Tough economic times also are a factor in cinema operators' favor. Even with the premium cost the industry is quick to tout that a movie outing won't cost as much as other family pastimes like a baseball game.

The new upscale services are designed to capture more patrons like Charisma Atkins, an epidemiology researcher with the U.S. Centers for Disease Control and Prevention.

Atkins, who lives in Avondale Estates, goes to the movies at least once a month. She's gone to theaters where servers bring the food to patrons in typical stadium-seating settings, but she said she prefers the dinner-like seating arrangements at places like AMC's Fork & Screen in Buckhead.

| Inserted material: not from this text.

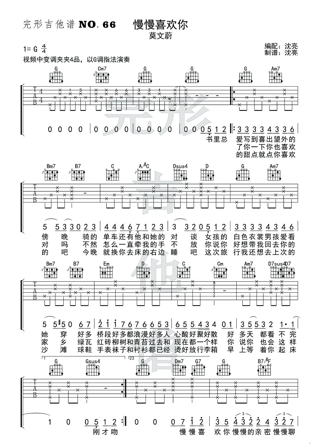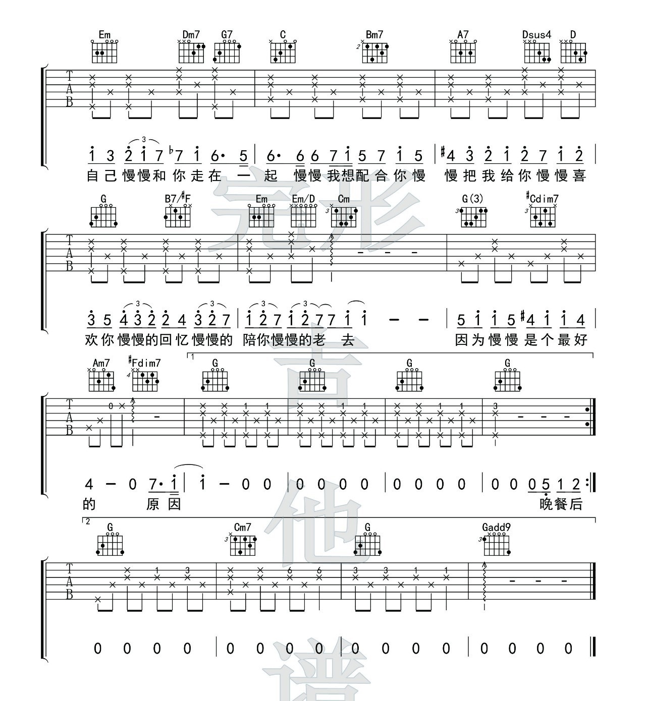 慢慢喜欢你 G调六线吉他谱 - 慢慢喜欢你 - G调吉他弹唱谱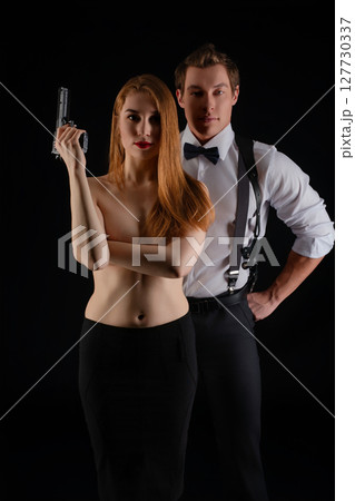 A dramatic close-up portrait of a man and woman with piercing blue eyes, set against a dark background, exuding confidence, intensity, and mystery

"They're set up like mini-round tables," she said. The cost is a bit higher, at $12-$13 vs. the average $10 at a regular metro Atlanta cineplex, "but I like that better," Atkins said.

That's one reason why chains are experimenting with new  concepts such as VIP seating. Carmike opened a premium auditorium in Chattanooga last year that has 60 seats instead of the typical 400 to 600 found in regular theaters.

The seats, which recline and are made of leather, have service call buttons that summon wait staff offering up crabcakes, shrimp cocktails and alcohol.